Corophium volutator is a common species of amphipod, which are shrimp-like crustaceans. This specimen was collected on the Thames estuary, as part of one of our environmental surveys for a new development. The samples we collected contained over 800 animals each on average, taken from intertidal regions that, from a quick glance, one would be forgiven for assuming were devoid of life. Over 60% of these animals were specimens of C. volutator.
C. volutator can be found all around the coasts of the UK, inhabiting muddy intertidal regions where they dig burrows and forage using their specialised antennae which can be as long as the rest of their entire body. When present in high densities the openings of these burrows can be seen clearly on the surface of the sediment.
The Thames was declared “biologically dead” in 1957 by the Natural History Museum and was often described as nothing more than a sewer. Improvements in sewage treatment, along with new and stricter regulations on heavy metals and other pollutants have meant a remarkable recovery over the last 60 years. It is now considered to be the cleanest river in the world that flows through a major city.

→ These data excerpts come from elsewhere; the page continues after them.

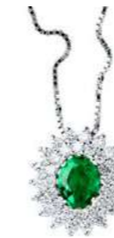
Art. CS88 Pendente Sme. ct. 0,33 Diam. ct.0,30 Gold 18 kt gr. 1,90
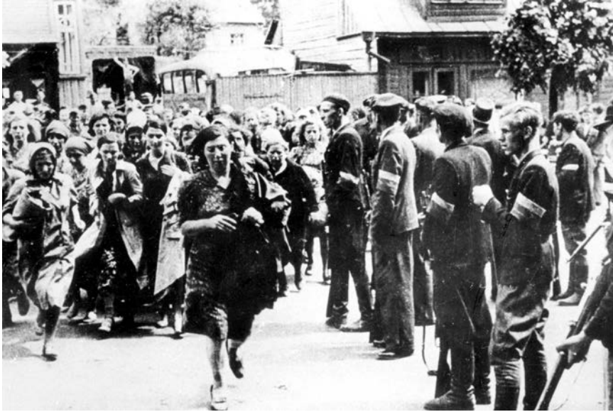
2. Nežinomas fotografas, Suimtos ir lietuvių savisaugos dalinių narių vedamos žydų moterys Kaune, 1941, fotografija, Yad Vashem archyvas

Unknown photographer, Arrested Jewish women led by members of the Lithuanian self-defence units in Kaunas, 1941
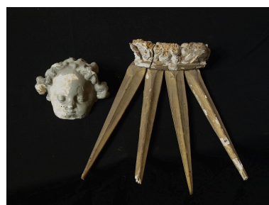
Tête d'angelot et rayons. IVR31_20106207292NUCA
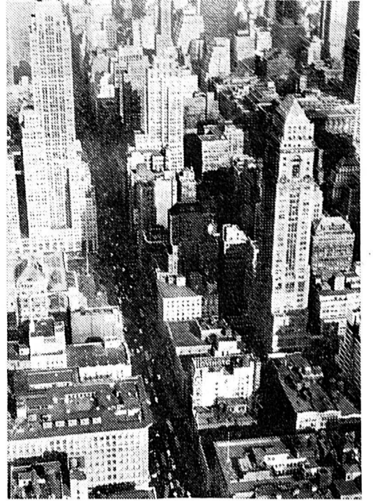
Perspective depuis la terrasse du 86 e étage de l'Empire State Building sur d'autres gratte-ciel et, 320 m. plus bas, sur le dédale des rues de la 5 e Avenue.

Leur grand rayon d'action permet de relier directement l'Ancien et le Nouveau-Monde, avec une provision de 29.600 litres d'essence. Les perfectionnements apportés aux moteurs ont augmenté encore leur rendement et permis d'accélérer la vitesse et de raccourcir encore la durée du trajet Genève (ou Kloten) New York, puisque la vitesse horaire est en moyenne de 565 km. et peut atteindre 580 km. Le vol New York-Suisse, 6440 km., s'effectue directement, tandis qu'à l'aller, où il faut toujours compter avec des vents contraires, l'horaire actuel prévoit encore une escale à Shannon (Irlande). Certaines courses font également escale à Francfort pour prendre les passagers en provenance d'Allemagne, et l'on prévoit plus tard une escale à Cologne.
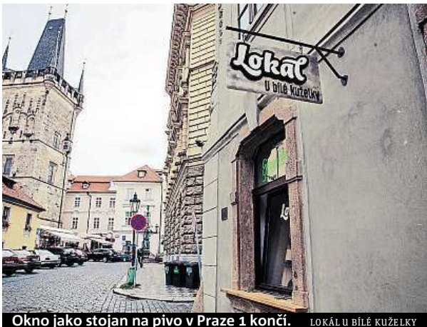
Okno jako stojan na pivo v Praze 1 končí. LOKÁL U BÍLÉ KUZELKY

„Toto další omezení má mít patrně za cíl likvidaci pohostinství jako takového. V létě máme vlastní zahrádku, takže až nyní v zimních měsících teprve přijde ta pra-
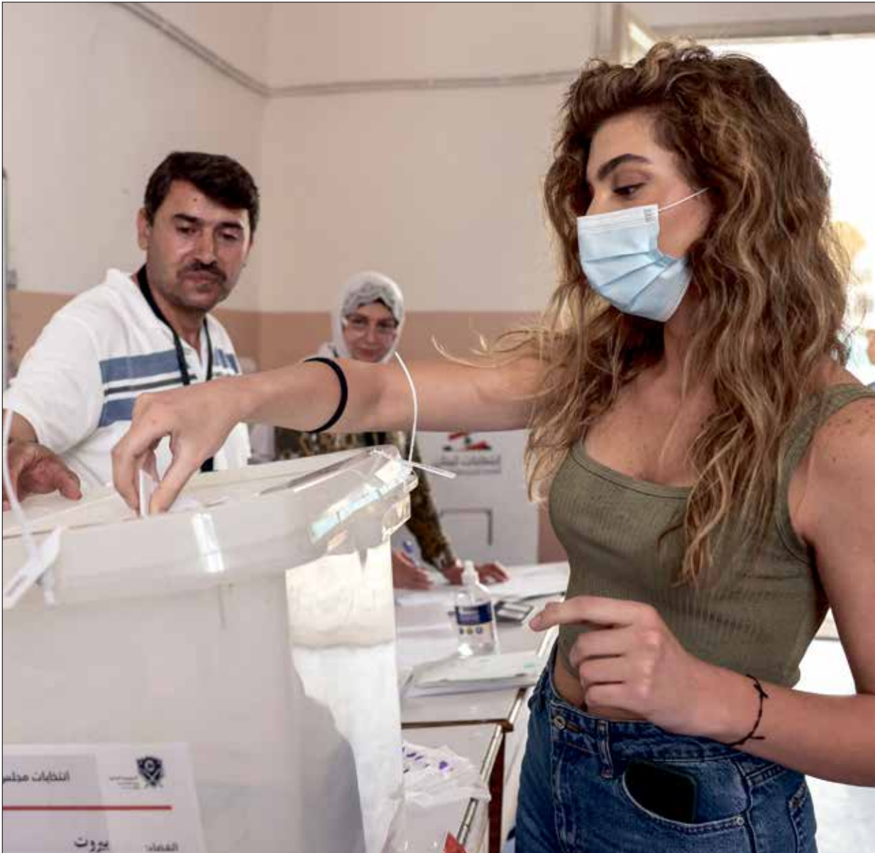
لبنانية تلصرع في بيروت امس اجوليف عبد فرانس برس)

لم يخل اليوم الانتخابي الطويل في لبنان من المشاهد المعتادة في استحقاقات، خصوصا لجهة الخروقات والإشكالات الأمنية، فيما كان الابرز ترهيب مراقبي الانتخابات، خصوصا في المناطق الخاضعة للثاني حزب الله وحركة أمل، من أجل تمرير مخالقاتهم

This improvement has brought with it an array of different species, with the Thames now teeming with life, even if most of it is not easily visible from Tower Bridge. It even supports rare and protected species such as the tiny ‘lagoon sea slug’, Tenellia adspersa. On a larger scale, the animals that call the Thames home include grey and common seals, over 120 species of fish, including seahorses, as well as a wide assemblage of nationally and internationally important populations of wading birds.
All of these animals need something to eat, which tends to be bad news for invertebrates. Being able to tolerate a wide range of stresses and environmental variation, combined with the ability to quickly reproduce, many invertebrates form the base of food webs upon which larger, commercially important, and more recognisable animals feed.
C. volutator can reach incredibly high densities on mudflats, up to 100,000 per square metre, making them an ideal food source. They form a significant part of the diet of many fish including flounder, sprat and smelt during high tide and for wading birds such as redshank, dunlin and shelduck at low tide.
Whilst the Thames, like many rivers around the world, faces new pressures such as pollution from plastics, being able to come back from the dead is no mean feat and with the right management the Thames should be alive and kicking for years to come, continuing to act as a haven for wildlife in the middle of a busy metropolis.